Are You Pro-Dog Daniel C Griliopouos or Bullcity Dogs

Daniel C Griliopouos

Kathleen M. Berchelmann, MD - published on 01/21/14

Having a dog can help prevent asthma and allergies in your children, but is it worth the risk of dog bites?

Last week hundreds of dogs arrived at the Vatican to celebrate the Feast of St. Anthony the Great, who, along with St. Francis of Assisi, is the patron saint of animals. Four-legged friends lined up with their owners to get sprinkled with holy water by obliging cardinals. St. Anthony may have found animals a comfort in his monastic solitude, but should families with kids get dogs? And what’s the right age?

Having a dog when you are a baby can actually protect you from developing asthma and allergies later in life. New research from is helping us understand why.  But “man’s best friend” isn’t always baby’s best friend. Your baby’s risk of injury from a dog is actually higher than their risk of injury from walkers, cribs, and many recalled products. Are the benefits of having a dog worth the risks to your child?

We’ve known for some time that infants who are exposed to dogs have a lower risk of asthma, eczema, and allergies, but until recently we didn’t understand why. The first year of life seems to be a critical period in which the immune system figures out what is foreign, and needs to be attacked, and what is normal, and should be tolerated.  The immune system seems to “learn” what is bad vs. what should be tolerated based on the bacteria that are in a baby’s intestines.  Researchers have found that people who own dogs have a specific kind of bacteria in their house dust. When they exposed mice to house dust from homes with indoor-outdoor dogs, the mice had intestines full of a bacteria called lactobacillus johnsonii. The same mice had fewer asthma-like symptoms. The mice’s immune systems also didn’t produce much of the inflammatory cells and chemicals that are associated with asthma, allergies, and eczema.  

I have a toddler with asthma, eczema, and multiple food allergies, and I’ll do about anything to make him better. I’ve spent too many nights sleeping by his crib, listening to his labored breathing and treating his asthma. I know the absurd reality of parenting a 2-year-old that can’t eat most foods and doesn’t understand why. But I don’t have a dog. Perhaps if I had known of this research when he was an infant we would have considered it.  But at this point, with five kids under age 10 in our house, I am too concerned about the risks of dog bite to consider adopting a four-legged family member.  

I took care of a nine-month-old baby girl who came to our emergency room with a dog bite that had ripped her face and scalp into pieces. As soon as I entered the room her father's first words were, "It wasn't the dog's fault." He went on to explain how this crawling infant had provoked the dog.  The parents assured me that this infant would never be around this dog again. A few months later this same infant came back to our emergency room with another dog bite to the face, from the same dog.

I wish I could say that this was an unusual story, but it's not.

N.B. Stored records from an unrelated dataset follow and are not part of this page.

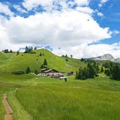Partendo dalla stazione a monte a 2.000 m s.l.m., seguiamo i sentieri n. 4A, 4 e 23, passando per i rifugi Ütia La Fraina, Ütia La Brancia e Ütia I Tablà. Arrivati al Rifugio Piz Arlara, il sentiero n. 30A e poi 30 scende ai prati sul pendio sopra il campo da golf di Corvara. Arrivati all'ultimo tornante, il sentiero di collegamento n. 24 si dirama e sfocia in un sentiero sterrato sotto la Capanna Nera. Seguiamo questo sentiero che sale ai Rifugi La Marmotta e Passo Incisa. Un sentiero attraverso i prati alpini, segnato con il numero 3A, sale poi fino al passo. Da lì scendiamo attraverso il bosco al Passo di Campolongo. L'autobus di linea ci riporta al nostro punto di partenza (consigliamo di consultare gli orari delle corse dal Passo di Campolongo a La Villa!).
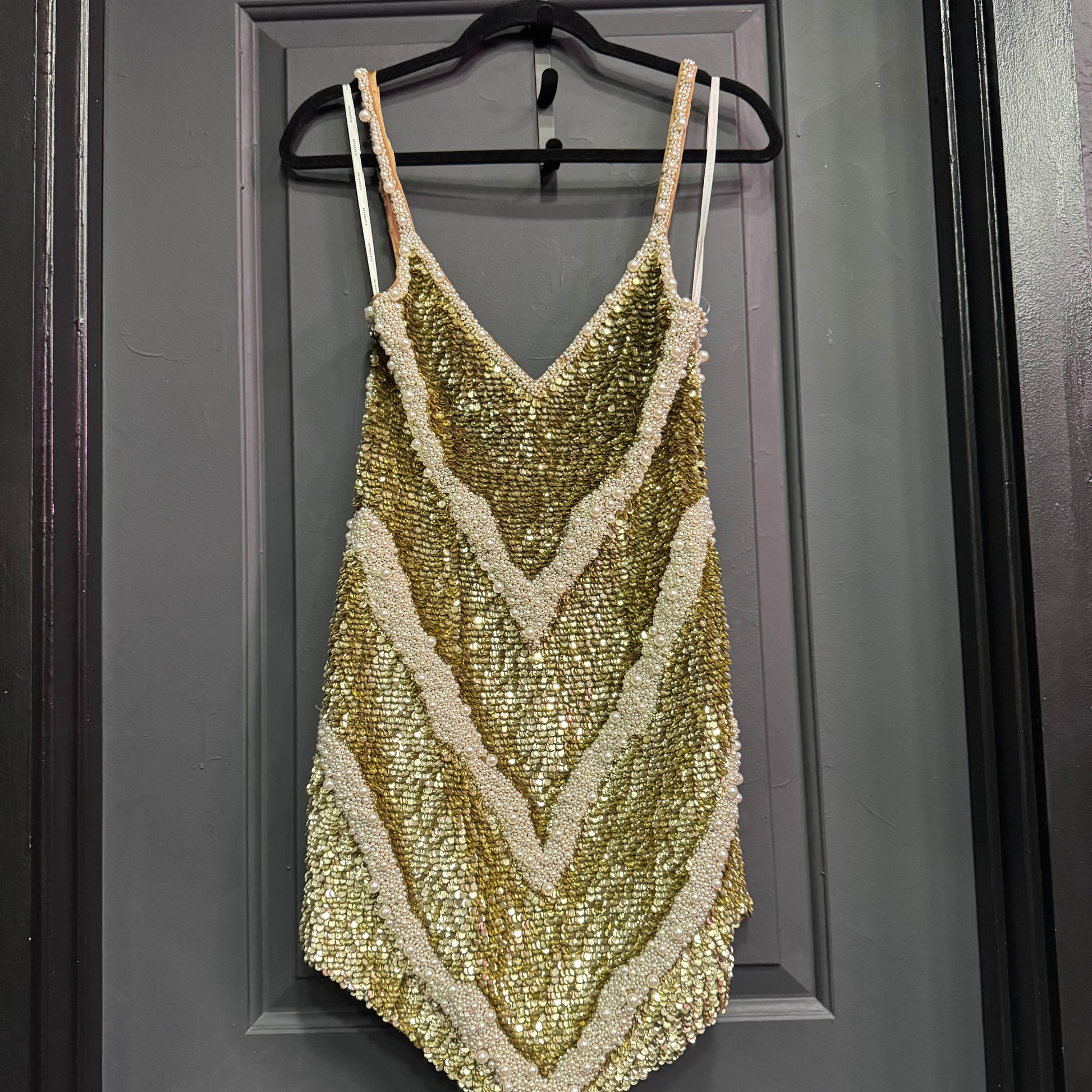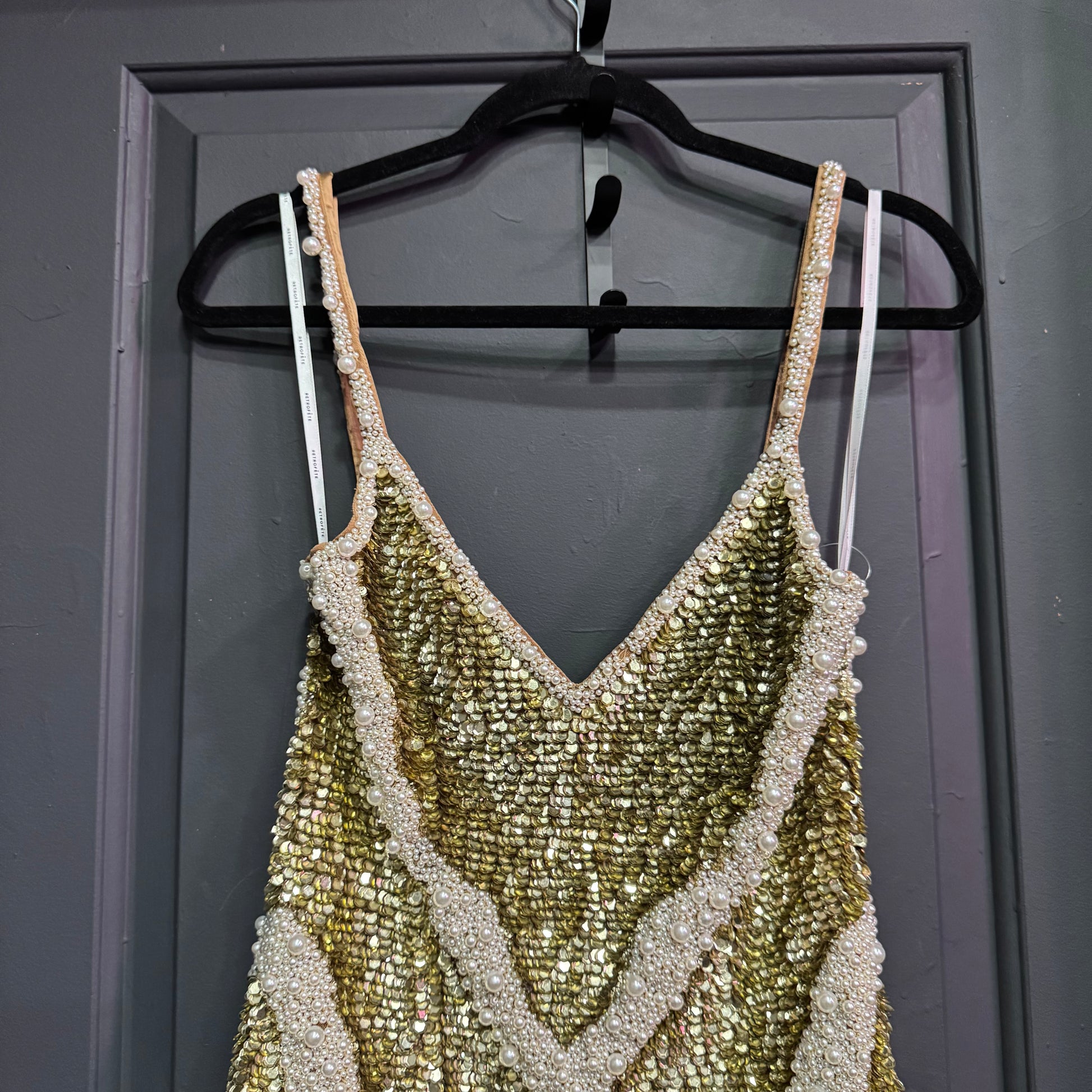 Exude effortless glamour in our Inessa Dress. This show-stopping mini dress features intricate sequin embellishments, a chic and flattering silhouette, and adelicate feather trim. A luxurious choice for cocktail parties, evening soirees, or any occasion where you want to make a statement. Shown here in Gold/White.
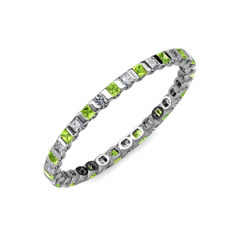 Princess Cut Peridot and Diamond 1.21 ctw* Channel Set Womens Eternity Ring Stackable 18K White Gold More Details ...
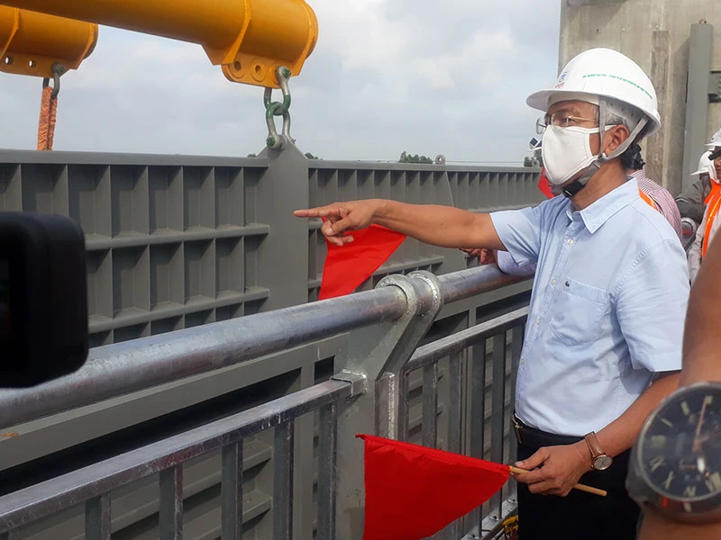 "Đây là sự kiện rất quan trọng, có ý nghĩa lớn chào mừng đại hội Đảng bộ TP. Thời gian tới, chúng ta còn phải triển khai nhiều công tác của dự án này" - ông Võ Văn Hoan phát biểu trong lễ phát lệnh lắp cửa van sáng 22-8.
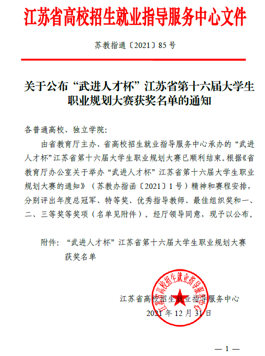 大学生职业规划大赛由江苏省教育厅主办、省高校招生就业指导服务中心承办,是全省大学生职业规划的最高赛事。旨在全面普及大学生职业规划知识,传播生涯成长理念,提高大学生的创新能力、实践能力和就业创业能力。大赛分为学校初赛、省级复赛和全省总决赛三个阶段。从4月赛事启动以来,历时八个多月,吸引了来自省内137所院校的25.62万余名学生参赛,全省高校共推荐429名参赛选手参加省级复赛,最终62所高校的104名选手晋级总决赛。
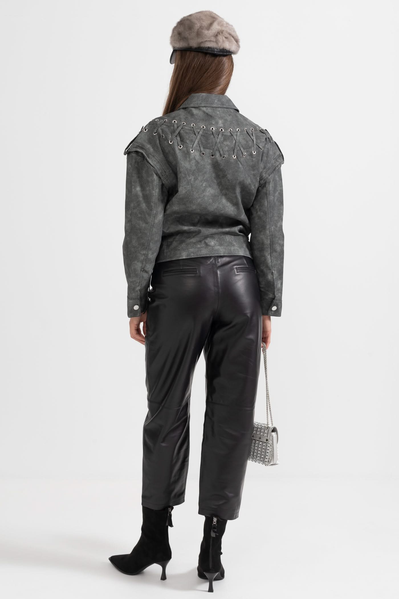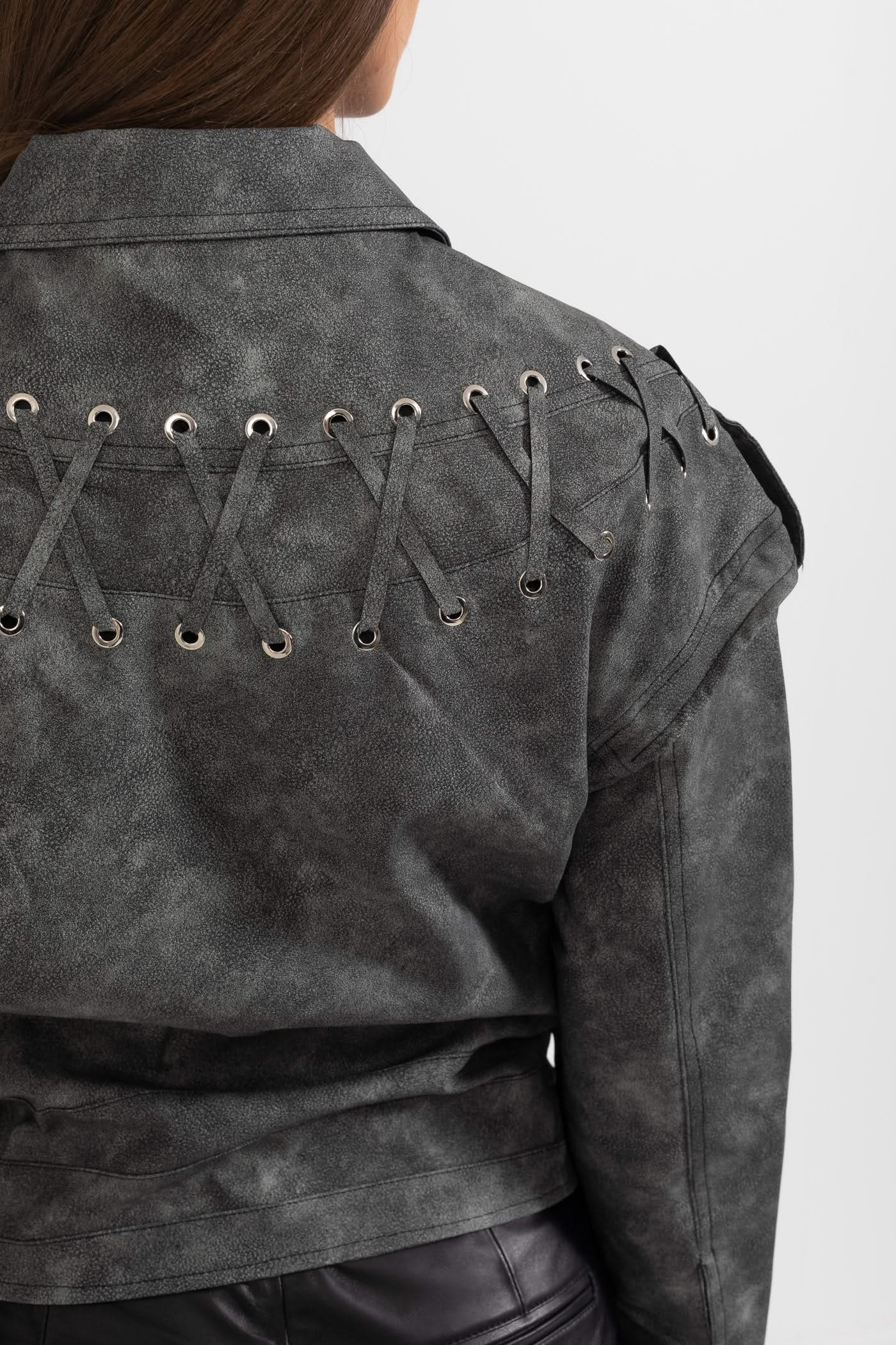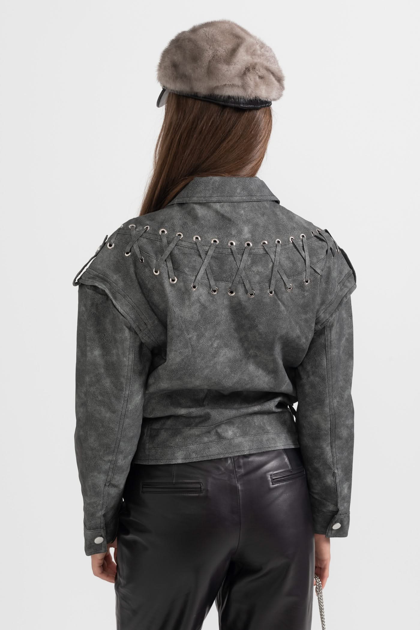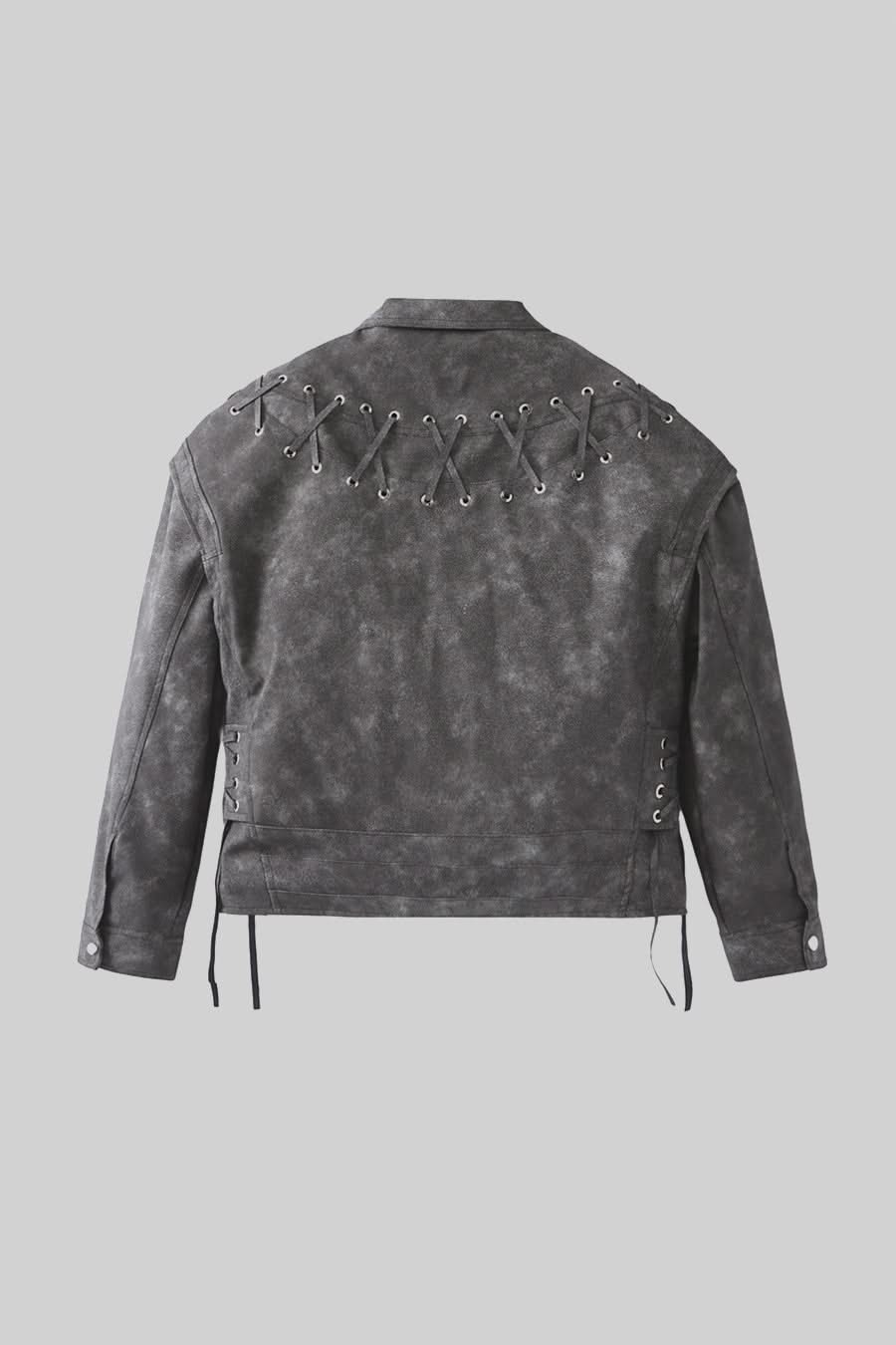 Dikişli Sırt Detaylarına Sahip Vegan Deri Ceket - Kömür
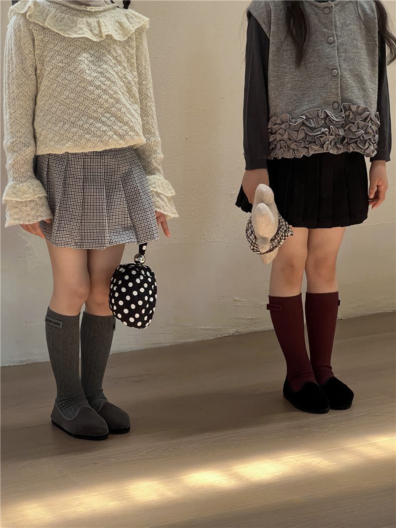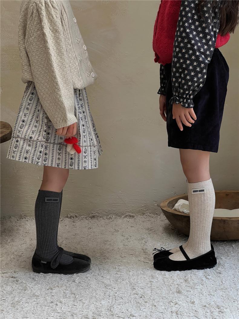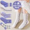WB1268 Otoño Nuevos Calcetines para Niños Venta al por Mayor Calcetines de Media Caña de Color Sólido para Bebé Etiqueta MIU Calcetines Rectos de Encaje Venta al por Mayor
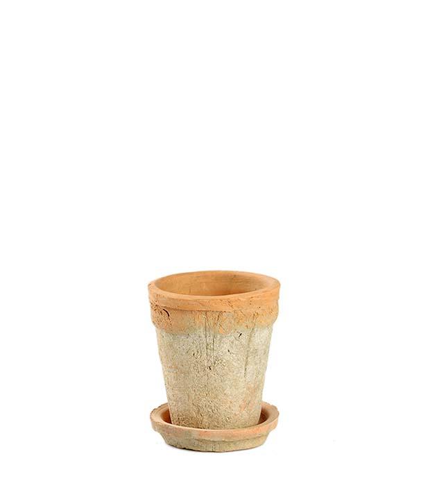 Rustikk terracotta krukke med underskål.
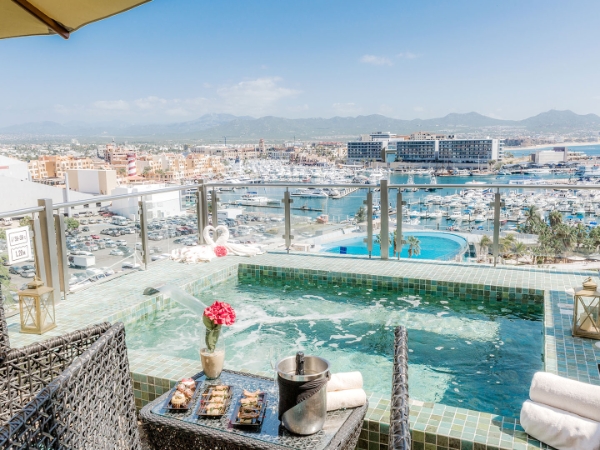 The name Finisterra means “End of the Earth”, and that’s what you’ll find at this breathtaking all inclusive resort. Sandos Finisterra is nestled on a clifftop at the very end of the Baja Peninsula. Situated just steps away from the excitement of downtown Cabo San Lucas and the Marina, Sandos Finisterra has captivating views of the Pacific Ocean on one side and panoramic vistas of the city, the Sea of Cortés and Marina on the other. Whether you're looking to party through the night or lounge the day away, this resort offers the perfect vacation.
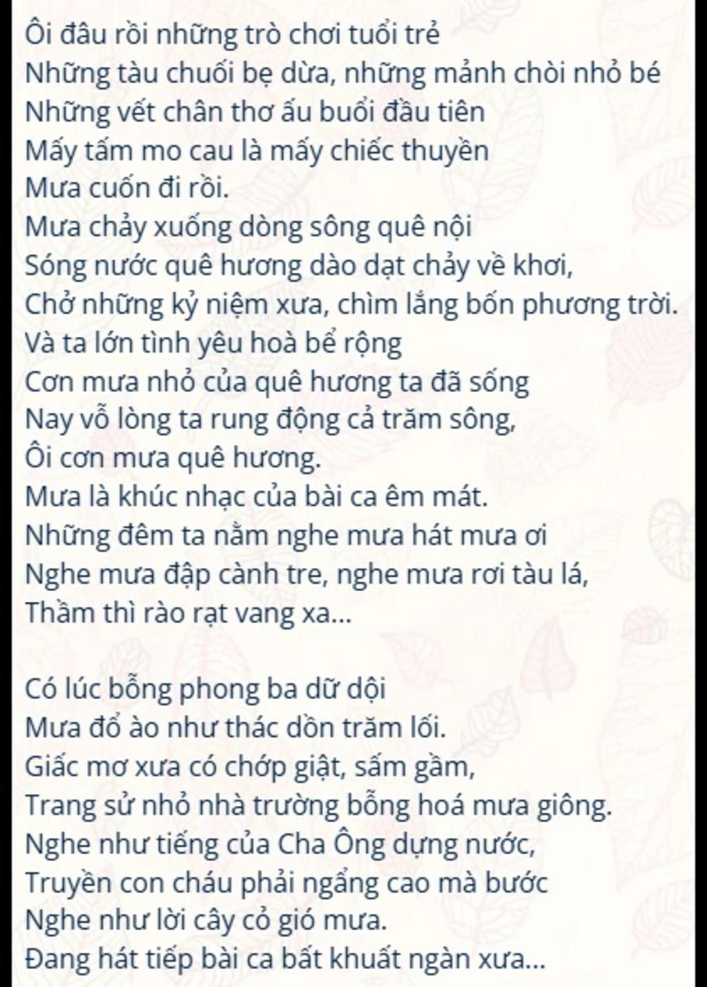 - Nhấn mạnh âm thanh + cảm xúc + ký ức gắn liền với cơn mưa.
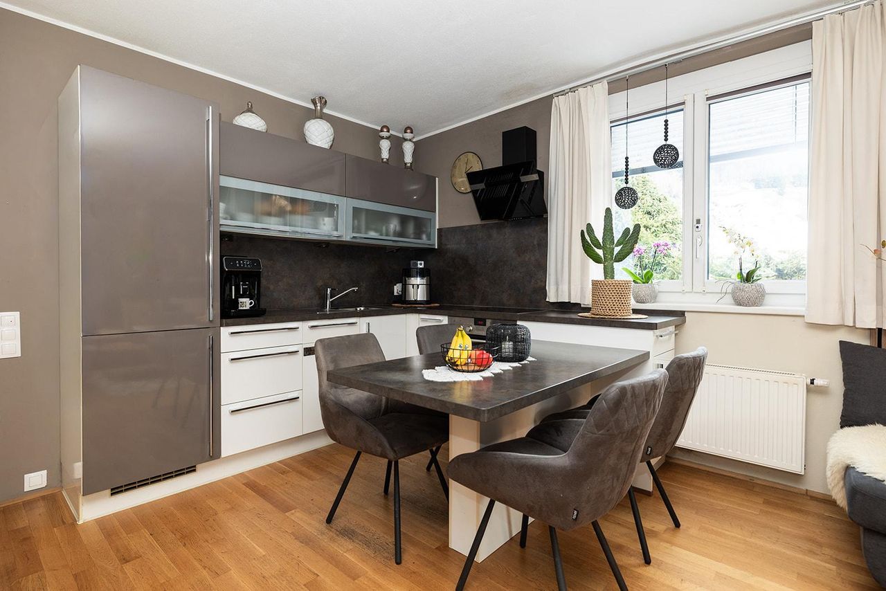 Das Herzstück der Wohnung bildet der offen gestaltete Wohn- und Essbereich mit Küche – lichtdurchflutet, modern und perfekt für gemütliche Abende oder gesellige Stunden. Von hier aus gelangen Sie direkt auf den Balkon, der mit Platz für Sitzmöbel zum Entspannen im Freien einlädt.

While the plastic surgeon was sewing up this infant's face, we exchanged dog bite ER stories. Most notably, he sewed up one woman's dog bite to the face only to read in the newspaper that she had been killed by her dog a few months later.

There are almost five million dog bites every year in the United States and nearly one million require medical attention, according to the Centers for Disease Control. There were 31 fatal dog attacks in the United States in 2011, including a 15-day-old infant. Children under ten years of age are at particular risk of dog bite. It is especially dangerous to let dogs and babies play together on the floor. Although any breed can bite, pit bulls, rottweilers, presa canarios, cane corsos, mastiffs, dogo argentinos, fila brasileiros, and their mixes have been shown to be the most dangerous breeds. Most dogs bites are from dogs known to the victim, owned either by the victim's family or neighbor.

Is there a “right age” for a child to get a dog? Dogs teach kids responsibility, socialization, and love. And dogs are fun. To prevent asthma and allergies, it is crucial to own a dog during the first year of life while the immune system is developing. But this is also one of the most dangerous times for dog bite/attack.  Some limited research has recommended waiting until age 10 to get a dog, to limit the risk of dog-related injuries. But by age 10 the immune system is quite developed. It is unclear if dog exposure would protect against asthma, eczema and allergies at this late age.  

As for me and my house, we just expose our babies to dog-house-dust. That’s what the research shows to be protective, right? Just about everyone we know has a dog, so we visit them and let our babies crawl on the floor, but with the dog someplace else. I wish I had known this trick when my asthmatic child was an infant. And maybe, in several years, we’ll celebrate the feast of St. Anthony by bringing home a dog.    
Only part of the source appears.